Table 1. Chemical characteristics of the composts and compost supplements (sorghum rhizosphere soil and roots, chicken manure).
2.3 Treatments and field experimental design
The treatments included the four compost types—Comp-1, Comp-2, Comp-3, and Comp-4—prepared from February to June, along with BPR, calcined BPR (Cal-BPR), triple super phosphate (TSP), and a control with no phosphorus input (Control). The experiment was arranged in a completely randomized block design with five replications each. The composts were applied at 2.5 t ha−1 during sowing. Based on their nutrient contents (Table 1), Comp-1, Comp-2, Comp-3, and Comp-4 supplied 27, 16, 35, and 22 kg N ha−1; 54, 23, 48, and 29 kg P2O5 ha−1; and 87, 59, 58, and 103 kg K2O ha−1, respectively. Since the region’s nutrient requirements are 37 kg N ha−1, 23 kg P2O5 ha−1, and 14 kg K2O ha−1 (AGRA, 2018), additional phosphorus and potassium application was unnecessary. Urea was added to the compost treatments to standardize nitrogen to 37 kg N ha−1. The quantities for the BPR, Cal-BPR, and TSP treatments were calculated to provide 23 kg P2O5 ha−1, with urea and KCl added to meet nitrogen and potassium requirements. The Control received urea and KCl for nitrogen and potassium, but no phosphorus. The experimental site was prepared by plowing to a depth of approximately 15 cm using an animal-drawn plow.
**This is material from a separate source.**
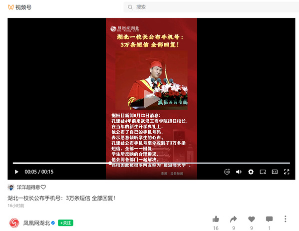 凤凰网湖北视频号:湖北一校长公布手机号:3万条短信 全部回复!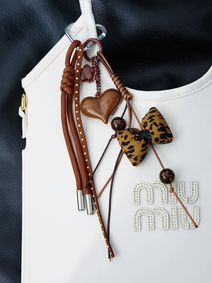 Bijou da borsa cuore, fiocco leopardato, ciondoli marroni, moschettone, accessorio moda, modello Loca

Harrowing was done before arranging the eight treatments in the experimental layout, with each plot measuring 6 m × 4 m and 1 m spacing. All amendments were applied at sowing, except for nitrogen and potassium, which were applied 15 days after sowing (DAS). The compost was broadcast and lightly incorporated into the soil with a hoe. The effects of these treatments on the growth of sorghum [Sorghum bicolor (L.) Moench], a staple food crop in Burkina Faso, were evaluated using the Sariasso 11 variety, commonly grown in the region, planted at a density of 0.4 m × 0.8 m (31,250 ha−1). Planting was carried out on July 18, 2022, following a 22.5 mm rainfall.
2.4 Soil sampling during field trial
Weeds were consistently removed during the experiment. Composite samples of the sorghum rhizosphere and bulk soil were collected at 42, 70, and 120 DAS. Rhizosphere soil was collected by randomly selecting three sorghum plants from the plot borders, uprooting them, and carefully retrieving the soil adhering to roots with a paintbrush after shaking to remove loose soil. Special care was taken to avoid root damage and prevent the possible influence of root exudates on soil microbial abundance and diversity (Zhao et al., 2021). The collected rhizosphere soil was thoroughly mixed and a portion of approximately 15 g was kept at −20°C until DNA extraction and subsequent molecular analysis. The remaining rhizosphere soil was dried in an oven and used for chemical analysis. Similarly, the bulk soil obtained from three sub-samples collected from the center of the plots at 0–10 cm depth underwent the same processing. The bulk soil was used exclusively to determine microbial abundance.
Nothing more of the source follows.